Naval history and strategy

While at Harvard, Roosevelt began a systematic study of the role played by the United States Navy in the War of 1812. He published The Naval War of 1812 in 1882. The book included comparisons of British and American leadership down to the ship-to-ship level. It was praised for its scholarship and style, and remains a standard study of the war.
Some believed Roosevelt's naval ideas were derived from author Alfred Thayer Mahan, who popularized a concept that only nations with significant naval power had been able to influence history, dominate oceans, exert their diplomacy to the fullest, and defend their borders, but naval historian Nicholas Danby states that Roosevelt's ideas predated meeting Mahan or reading his work.

First marriage and widowerhood

In 1880, Roosevelt married socialite Alice Hathaway Lee. Their daughter, Alice Lee Roosevelt, was born on February 12, 1884. Two days later, the new mother died of undiagnosed kidney failure, on the same day as Roosevelt's mother Martha died of typhoid fever. In his diary, Roosevelt wrote a large "X" on the page and then, "The light has gone out of my life." Distraught, Roosevelt left baby Alice in the care of his sister Bamie while he grieved; he assumed custody of Alice when she was three. For the rest of his life, he rarely spoke about his wife Alice and did not write about her in his autobiography.
After the deaths of his wife and mother, Roosevelt focused on his work, specifically by re-energizing a legislative investigation into corruption of the New York City government, which arose from a bill proposing power be centralized in the mayor's office.

Early political career

State Assemblyman

In 1881, Roosevelt won election to the New York State Assembly, representing the 21st district, which was centered on the "Silk Stocking District" of New York County's Upper East Side.
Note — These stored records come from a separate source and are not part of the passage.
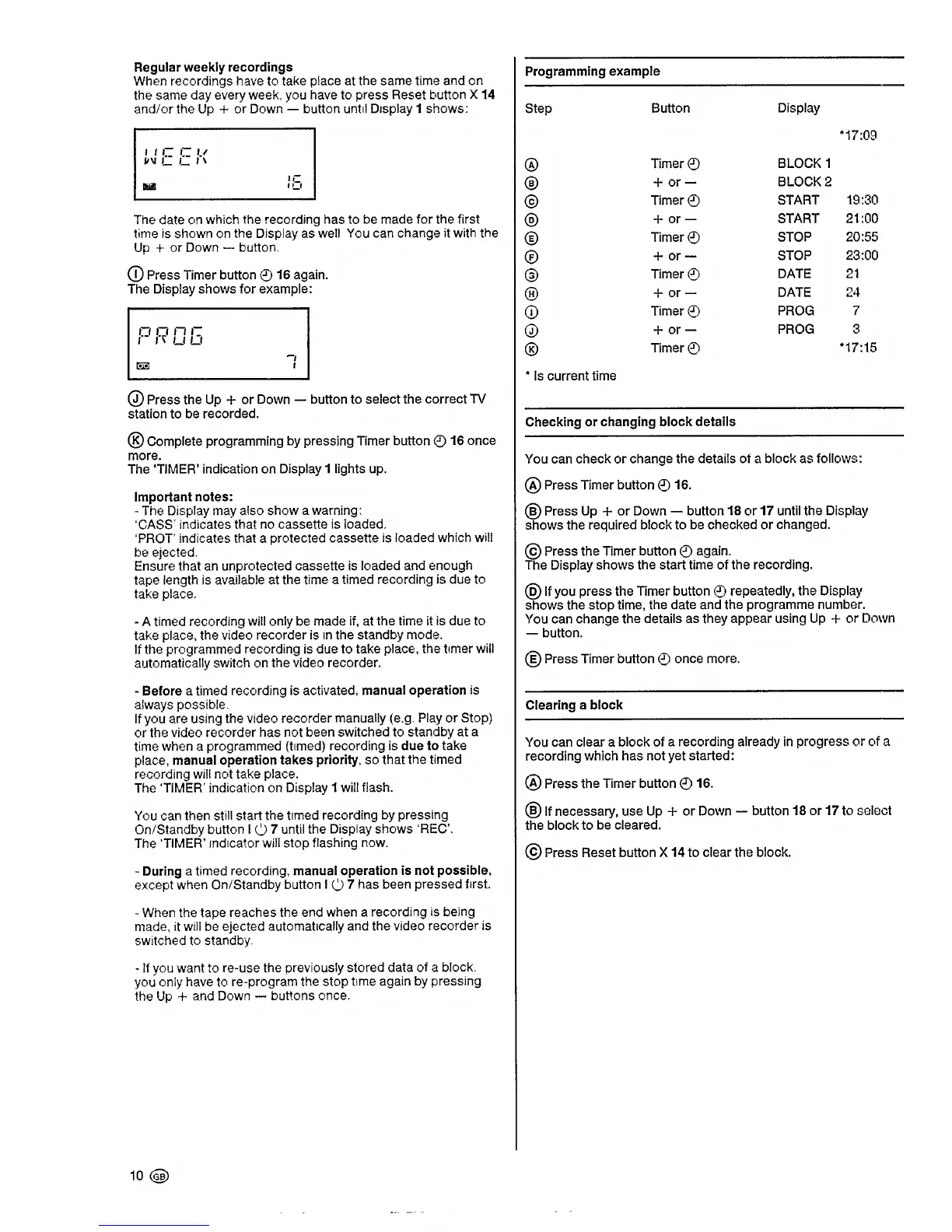 Philips VR6180 - Regular Weekly Recordings; Programming Example; Checking or Changing Block Details; Clearing a Block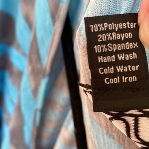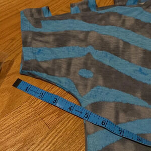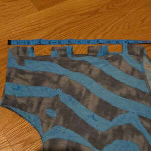 Blue and gray pattern printed top with v neck and shoulder cutouts. No flaws but is preowned.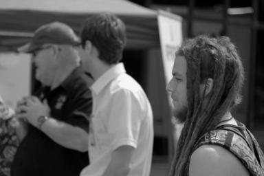 Keywords: blackandwhite black white bw monochrome street streetphotography downtown canada britishcolumbia bc okanagan kelowna summer blockparty dreads dreadlocks man male person

He served in the 1882, 1883, and 1884 sessions of the legislature.
Roosevelt began making his mark immediately. He blocked a corrupt effort of financier Jay Gould to lower his taxes. Roosevelt exposed the collusion of Gould and Judge Theodore Westbrook and successfully argued for an investigation, aiming for the judge to be impeached. Although the investigation committee rejected the impeachment, Roosevelt had exposed corruption in Albany and assumed a high and positive profile in New York publications.
Roosevelt's anti-corruption efforts helped him win re-election in 1882 by a margin greater than two-to-one, an achievement made more impressive by the victory that Democratic gubernatorial candidate Grover Cleveland won in Roosevelt's district. With Senator Conkling's Stalwart faction of the Republican Party in disarray following the assassination of President James Garfield, Roosevelt won election as party leader in the state assembly. He allied with Governor Cleveland to win passage of a civil service reform bill. Roosevelt won re-election and sought the office of Speaker, but Titus Sheard obtained the position. Roosevelt served as Chairman of the Committee on Affairs of Cities, during which he wrote more bills than any other legislator.